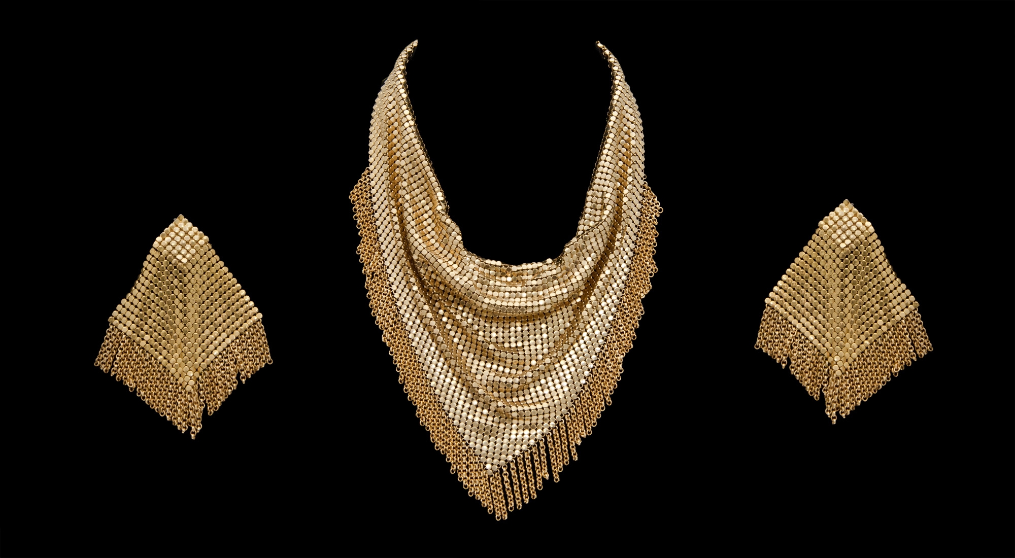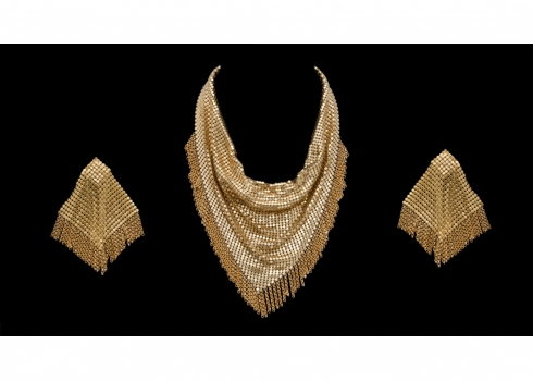 סט תכשיטי אופנה עשויים מתכת בגוון זהב צהוב (ענק וזוג עגילים תואמים).
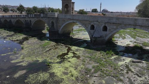Edirne'nin Tunca Nehri, kuraklık nedeniyle su seviyesinin kritik düzeye düşmesiyle akışın durma noktasına geldi.
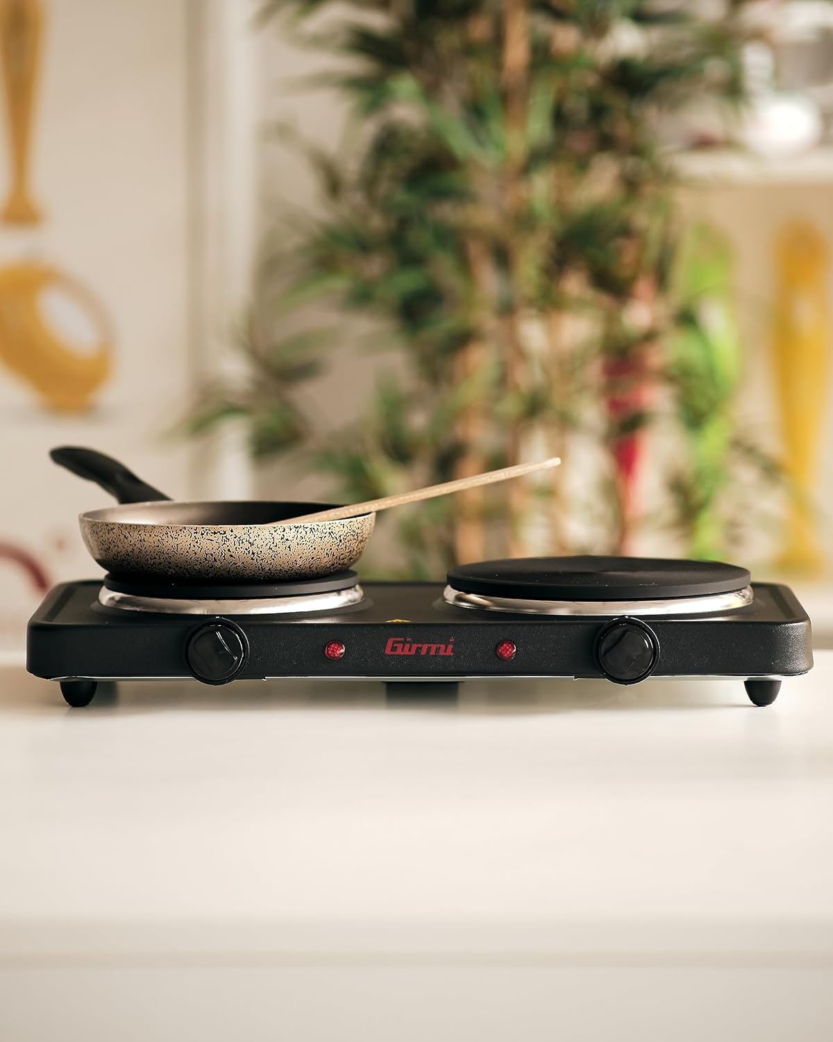 The Girmi PE36 is a powerful and compact double electric hot plate designed for versatile cooking. Featuring two cast iron plates with independent temperature controls, it offers flexibility for various culinary tasks. Its robust construction ensures durability and efficient heat distribution.
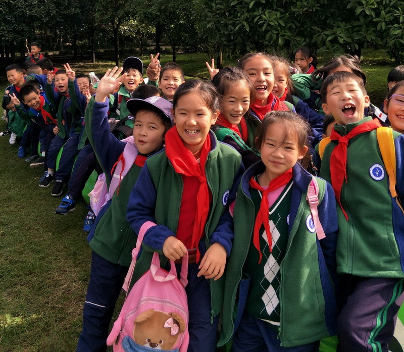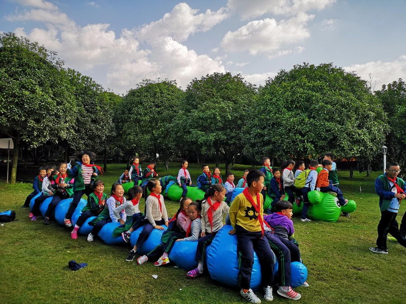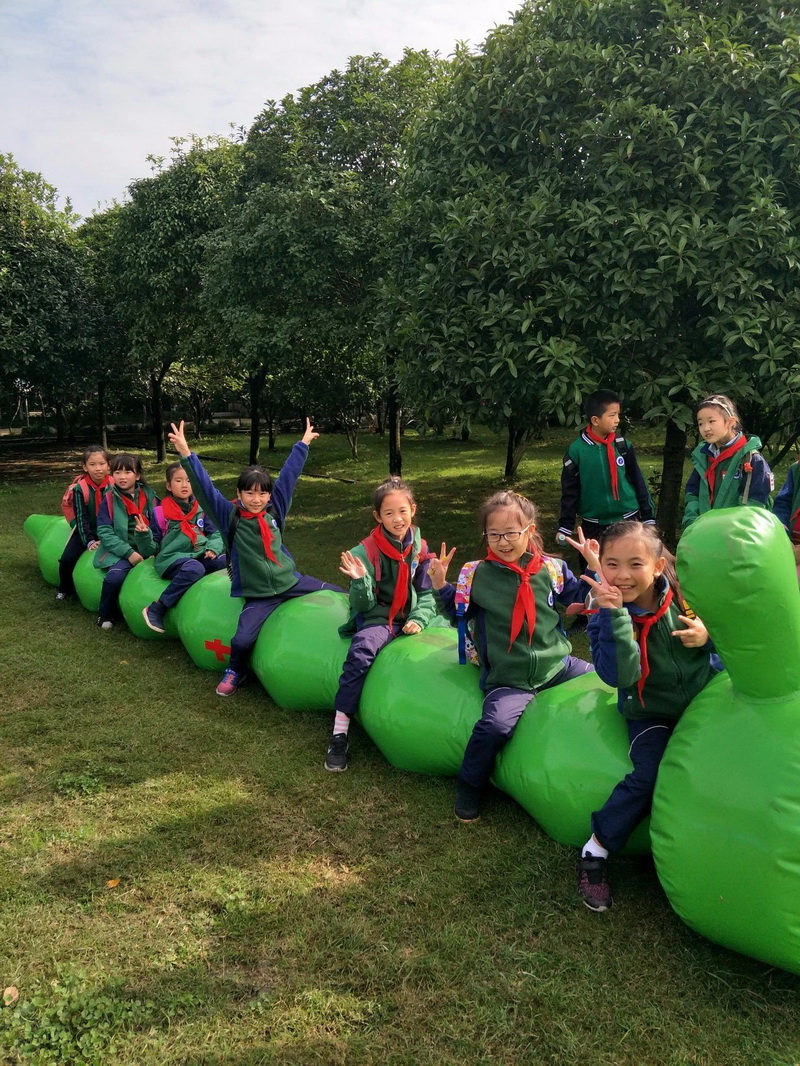 Sunshine all the way, laughing allthe way, on October 23rd, children from Grade three embark on the yearning fornature and set out for the qincai farm in Xindu.
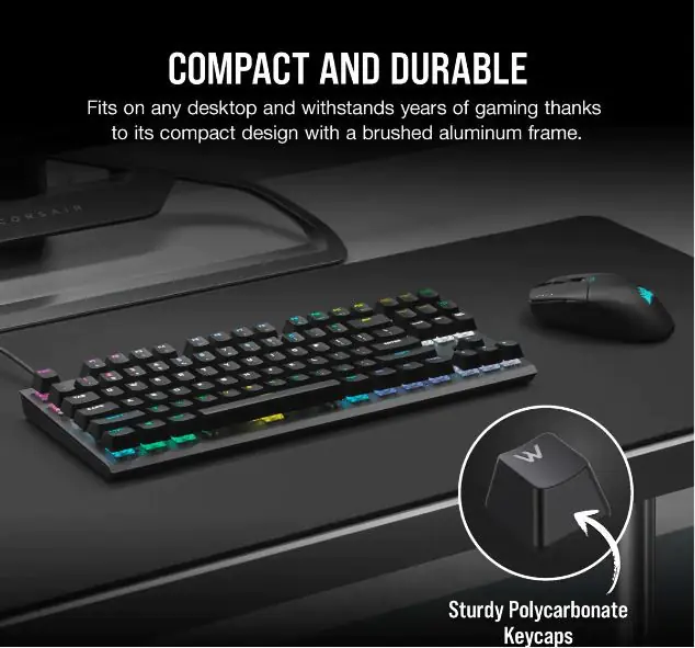 Kompaktowa aluminiowa konstrukcja K60 PRO TKL pasuje do każdego komputera stacjonarnego i wytrzymuje lata grania.
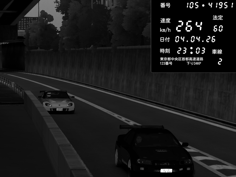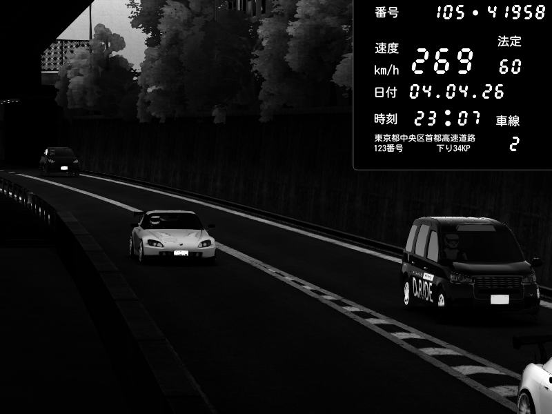 | 2026/04/04 15:56 | C1外回り 京橋 | 258 / 60 km/h | yuzu | Honda S2000 (AP2 - Legendary) | CAPTURE |
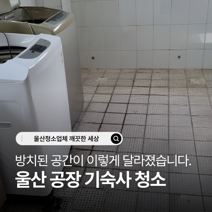 안녕하세요 울산 청소업체 깨끗한 세상입니다. 목차 1.현장 점검 2.울산 기숙사 청소 과정 3.바닥 청소 가정집과 달리 공장 기숙사와 같은 부대시설은 규모가 크고 관리 범위가 넓어 개인이 꼼꼼하게 청소하고 관리하기가 쉽지 않습니다. 넓은 복도부터 공용 공간까지 신경 써야 할 곳이 많기 때문인데요 더욱이 이번 현장과 같이 한동안 방치되었던 공간이라면 더욱 전문가의 손길이 필요합니다. 현장 점검 이번에 방문한 곳은 공장 옆 사무동 건물 내에 위치한 기숙사였습니다. 좁고 가파른 계단으로 연결된 구조라 고성능 광택 기와 각종 청소 장비를 좁은 통로로 운반하는 것부터가 큰 숙제였는데요 하지만 현장 경험이 풍부한 작업자들....... <img src="https://blogthumb.pstatic.net/MjAyNjA0MjRfNCAg/MDAxNzc3MDA4NTI0NjUy.YdNXgafMWS_ei-FRg9HbkfyH1ixruxL3GoIATeDmaJwg.bKFzmiU34PoyhdSiwyfCa8baohYXN6gBniyK6OeRR2cg.PNG/7.png?type=s3" />
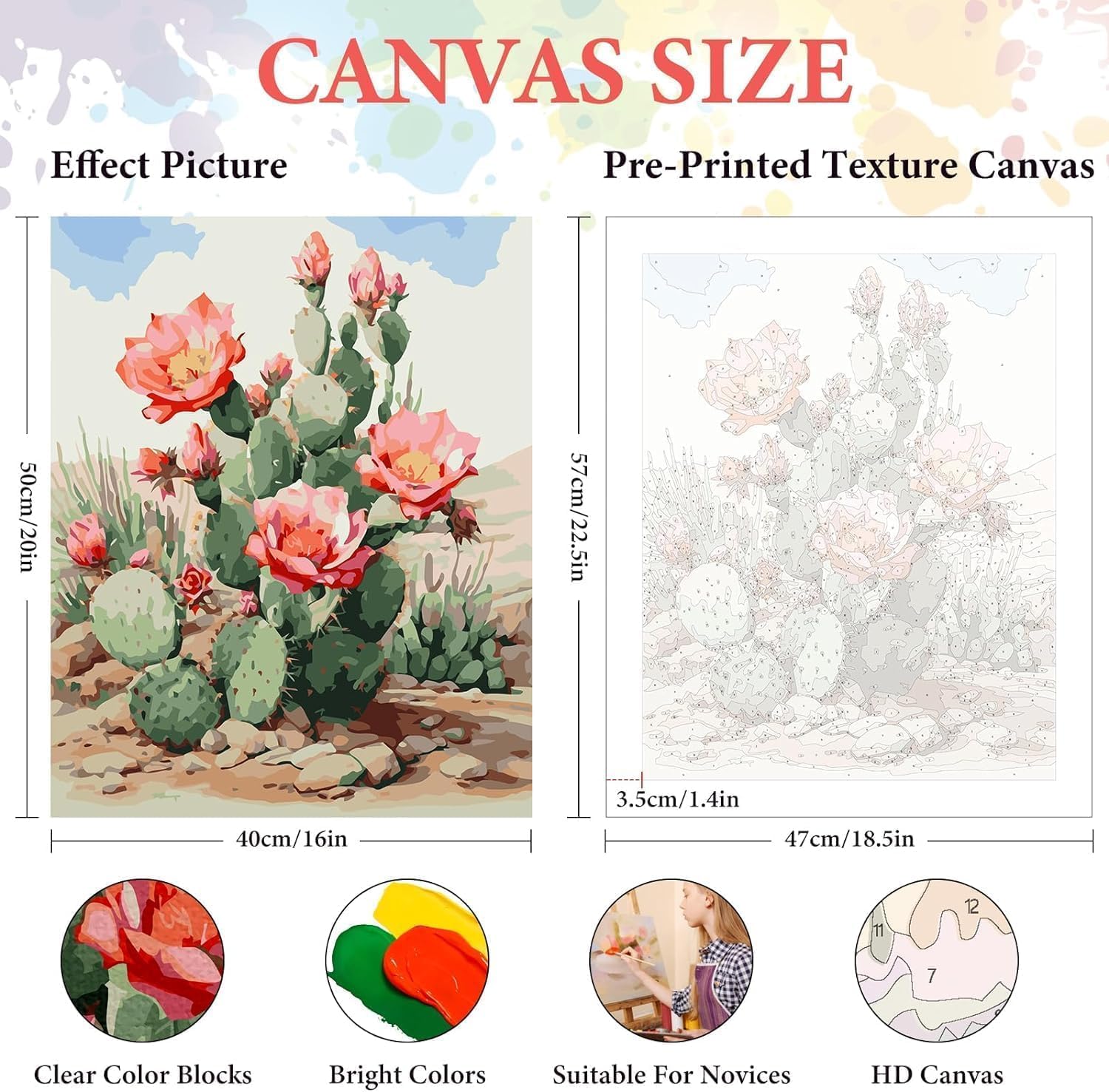 Dimensioni della pittura a olio:area di pittura:20x16 pollici (50x40 cm); area totale della tela:22x18 pollici (57x47 cm),senza cornice Facile da dipingere:ogni area è numerata.Basta trovare il colore corrispondente sul vassoio della vernice e dipingerlo per creare un dipinto molto bello All'interno di ogni kit:tela colorata con numeri;set di colori acrilici con numeri;set di pennelli da 3 pezzi di qualità artistica;riferimento a grandezza naturale Scelta regalo:puoi dare al tuo amico un prodotto finito per esprimerti,oppure puoi dare loro un prodotto semi-finito per fargli sperimentare il processo di felicità e realizzazione Giochi giocattolo Opera d'arte:per adulti,è un'opera d'arte che può alleviare lo stress,rilassarsi e trascorrere il tempo libero;per bambini,è un giocattolo educativo che può sviluppare un interesse per la pittura e migliorare la concentrazione
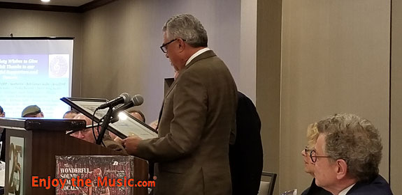 This year marks their very first Arya Award and here's Bob Levi holding this Award for Wayne Shorter Emanon on Blue Note Records. Hosted by Dr. David W. Robinson of Positive Feedback, who is Executive Vice President of the Society and Chairman of the Blue Ribbon panel of judges, this brought more importance to the 25th Annual Gala.
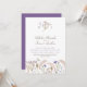 Pretty botanical wildflowers and soft grasses watercolor wedding invitation with QR code on white with pretty entwined harebells and heather flowers in soft muted blue and purple monogram and a selection of soft muted brown pink grasses and wildflower art along the bottom all hand painted watercolors. Delicate fall to winter feel botanical art invite with script text on white and a muted pink, brown, blue, mauve, purple colour palette. Personalize with your own initials, names, wedding date, time, venue, further details and QR code to your wedding website on the back. Other matching items are available. Original hand watercolor wildflower paintings and design by Sarah Trett for www.mylittleedenweddings.com

PROBLEM TO WORK ON: Could you copy all of the entries above exactly, without the pictures?

THE COMPLETED TASK:
 סט תכשיטי אופנה עשויים מתכת בגוון זהב צהוב (ענק וזוג עגילים תואמים).
Edirne'nin Tunca Nehri, kuraklık nedeniyle su seviyesinin kritik düzeye düşmesiyle akışın durma noktasına geldi.
 The Girmi PE36 is a powerful and compact double electric hot plate designed for versatile cooking. Featuring two cast iron plates with independent temperature controls, it offers flexibility for various culinary tasks. Its robust construction ensures durability and efficient heat distribution.
 Sunshine all the way, laughing allthe way, on October 23rd, children from Grade three embark on the yearning fornature and set out for the qincai farm in Xindu.
 Kompaktowa aluminiowa konstrukcja K60 PRO TKL pasuje do każdego komputera stacjonarnego i wytrzymuje lata grania.
 | 2026/04/04 15:56 | C1外回り 京橋 | 258 / 60 km/h | yuzu | Honda S2000 (AP2 - Legendary) | CAPTURE |
 안녕하세요 울산 청소업체 깨끗한 세상입니다. 목차 1.현장 점검 2.울산 기숙사 청소 과정 3.바닥 청소 가정집과 달리 공장 기숙사와 같은 부대시설은 규모가 크고 관리 범위가 넓어 개인이 꼼꼼하게 청소하고 관리하기가 쉽지 않습니다. 넓은 복도부터 공용 공간까지 신경 써야 할 곳이 많기 때문인데요 더욱이 이번 현장과 같이 한동안 방치되었던 공간이라면 더욱 전문가의 손길이 필요합니다. 현장 점검 이번에 방문한 곳은 공장 옆 사무동 건물 내에 위치한 기숙사였습니다. 좁고 가파른 계단으로 연결된 구조라 고성능 광택 기와 각종 청소 장비를 좁은 통로로 운반하는 것부터가 큰 숙제였는데요 하지만 현장 경험이 풍부한 작업자들....... <img src="https://blogthumb.pstatic.net/MjAyNjA0MjRfNCAg/MDAxNzc3MDA4NTI0NjUy.YdNXgafMWS_ei-FRg9HbkfyH1ixruxL3GoIATeDmaJwg.bKFzmiU34PoyhdSiwyfCa8baohYXN6gBniyK6OeRR2cg.PNG/7.png?type=s3" />
 Dimensioni della pittura a olio:area di pittura:20x16 pollici (50x40 cm); area totale della tela:22x18 pollici (57x47 cm),senza cornice Facile da dipingere:ogni area è numerata.Basta trovare il colore corrispondente sul vassoio della vernice e dipingerlo per creare un dipinto molto bello All'interno di ogni kit:tela colorata con numeri;set di colori acrilici con numeri;set di pennelli da 3 pezzi di qualità artistica;riferimento a grandezza naturale Scelta regalo:puoi dare al tuo amico un prodotto finito per esprimerti,oppure puoi dare loro un prodotto semi-finito per fargli sperimentare il processo di felicità e realizzazione Giochi giocattolo Opera d'arte:per adulti,è un'opera d'arte che può alleviare lo stress,rilassarsi e trascorrere il tempo libero;per bambini,è un giocattolo educativo che può sviluppare un interesse per la pittura e migliorare la concentrazione
 This year marks their very first Arya Award and here's Bob Levi holding this Award for Wayne Shorter Emanon on Blue Note Records. Hosted by Dr. David W. Robinson of Positive Feedback, who is Executive Vice President of the Society and Chairman of the Blue Ribbon panel of judges, this brought more importance to the 25th Annual Gala.
 Pretty botanical wildflowers and soft grasses watercolor wedding invitation with QR code on white with pretty entwined harebells and heather flowers in soft muted blue and purple monogram and a selection of soft muted brown pink grasses and wildflower art along the bottom all hand painted watercolors. Delicate fall to winter feel botanical art invite with script text on white and a muted pink, brown, blue, mauve, purple colour palette. Personalize with your own initials, names, wedding date, time, venue, further details and QR code to your wedding website on the back. Other matching items are available. Original hand watercolor wildflower paintings and design by Sarah Trett for www.mylittleedenweddings.com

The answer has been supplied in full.